José María SICILIA

José María Sicilia was born in Madrid in 1954.
He entered the School of Fine Arts there but moved to Paris in 1980. In the 1980s and 1990s, he also spent a lot of time in New York and established himself as one of the forerunners of the new generation of Spanish painters. 
Today, José María Sicilia has studios in Paris and Mallorca. 

The fusion of spirit and matter is central to José María Sicilia’s work. Matter is strongly and sensually present, while at the same time the works evoke associations with something ephemeral, fragile and intangible. Light is at the heart of his art, immaterial but omnipresent, evanescent but eternal, as an emblem of the mystery of life and death.
In an interview, he stated: “Art can supply beauty, but beauty is not a comfort … besides beauty is never in the artist’s eye, it is in the eye of the beholder”.

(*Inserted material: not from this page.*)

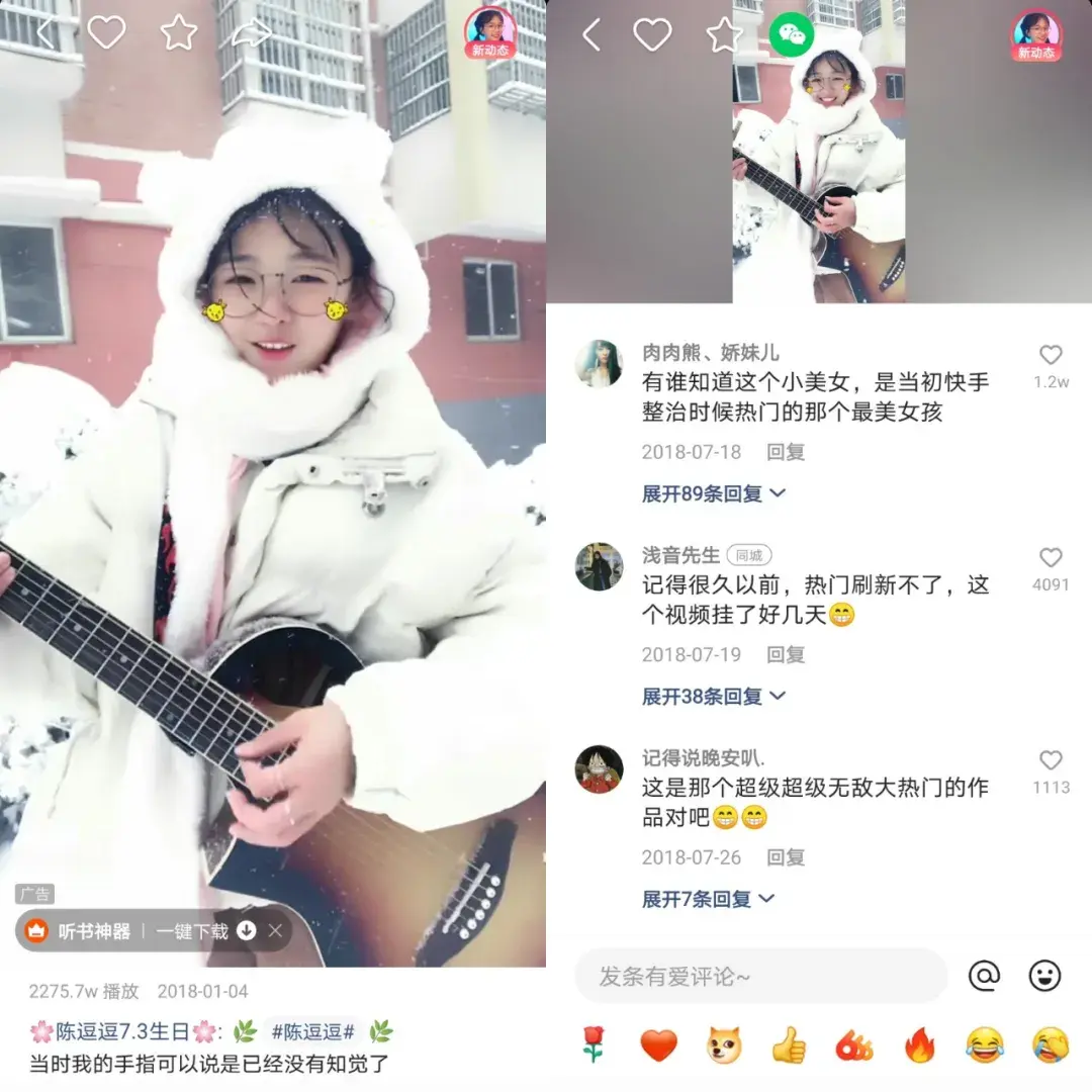 “第一次在快手热门上刷到她(陈逗逗)是2018年,当时快手整顿,热门界面停留在一部分视频上,她的视频就是其中之一。”

Deeply sensitive to nature, José María Sicilia devotes much of his work to questioning the immaterial space existing between art and life, between Eros and Thanatos.
Beyond their immediate and disquieting beauty, his works take us into frontier territories, where the familiar becomes foreign and memory is reflected over and again.

Presentation of the work exhibited in the winery
Acquisition date: June 2018
Exhibited in the stairwell between the winery and the cellar

El Instante, 2015

Work on bird songs and sonograms converted into images

With El Instante José María Sicilia deepens his reflection on sonograms, which are translations of sounds into shapes.
The majority of the motifs painted or printed on Japan paper are representations of stylized birdsong. The musicality that emerges is due to a harmony between dynamic colours; one feels as though one is attending a concert of songs in a clearing in the early morning. “Making the invisible visible” is a well-known formula, but it applies perfectly here. Throughout his artistic practice, José María Sicilia has pursued the invisible by relying on an aesthetic of the suspended and the murmured.

“Birdsong is the moment, only the moment – not the past, not the future. This moment is a fullness. We know we exist. It feeds us, and at the same time it eats us. It is the awareness of our solitude. Deader than death, it is the song of the bird that has just disappeared. The duration of the bird’s song is made up of moments without duration. That duration is life. Birdsong immobilises time. It expresses ecstasy. It gives us back the lost unity. This time does not flow – it gushes forth.”